**ASSIGNED TASK:** Please write out every line of the material, leaving out any picture.

**GIVEN MATERIAL:**
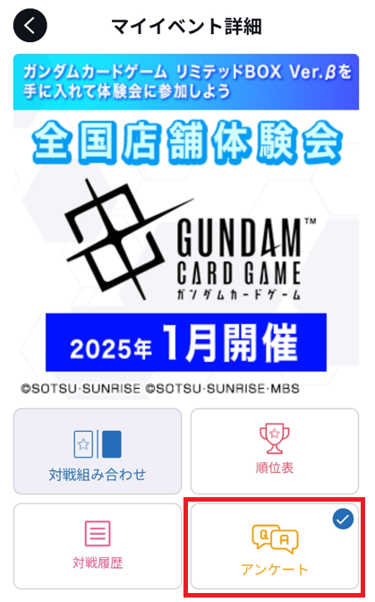 アプリの「マイイベント」の「アンケート」から、今回参加して感じたことを率直に書いて伝えましょう!
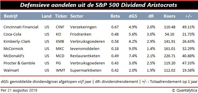 In de praktijk komen zij al snel uit bij de indexleden van de S&P500 Dividend Aristocrats. Over het algemeen zijn dit bedrijven van wereldfaam. Daarnaast hebben zij de naam om de markt door dik en dun te verslaan. Het zijn vooral aandelen van defensieve bedrijven met een progressief dividendbeleid. Denk aan namen als Cincinnati Financial, Coca-Cola, Kimberly-Clark, McCormick & Co, McDonald’s, Procter & Gamble en Walmart. Dit zijn koninklijke dividendaandelen die het laatste tijd duidelijk beter doen dan de markt.
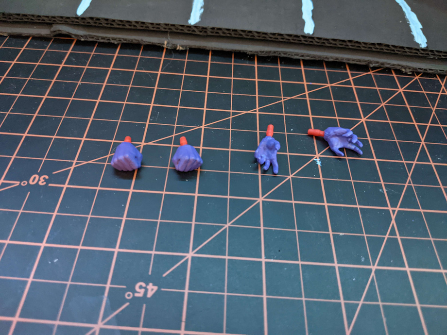I got some purple model color paint, the only shade of purple I could find and just repainted the hands. Sadly they're not exactly the right shade and not matching the rest of the body, and I expected this, so again it will be another unfinished project that'll do for now.

**ANSWER BOX:**
 アプリの「マイイベント」の「アンケート」から、今回参加して感じたことを率直に書いて伝えましょう!
 In de praktijk komen zij al snel uit bij de indexleden van de S&P500 Dividend Aristocrats. Over het algemeen zijn dit bedrijven van wereldfaam. Daarnaast hebben zij de naam om de markt door dik en dun te verslaan. Het zijn vooral aandelen van defensieve bedrijven met een progressief dividendbeleid. Denk aan namen als Cincinnati Financial, Coca-Cola, Kimberly-Clark, McCormick & Co, McDonald’s, Procter & Gamble en Walmart. Dit zijn koninklijke dividendaandelen die het laatste tijd duidelijk beter doen dan de markt.
I got some purple model color paint, the only shade of purple I could find and just repainted the hands. Sadly they're not exactly the right shade and not matching the rest of the body, and I expected this, so again it will be another unfinished project that'll do for now.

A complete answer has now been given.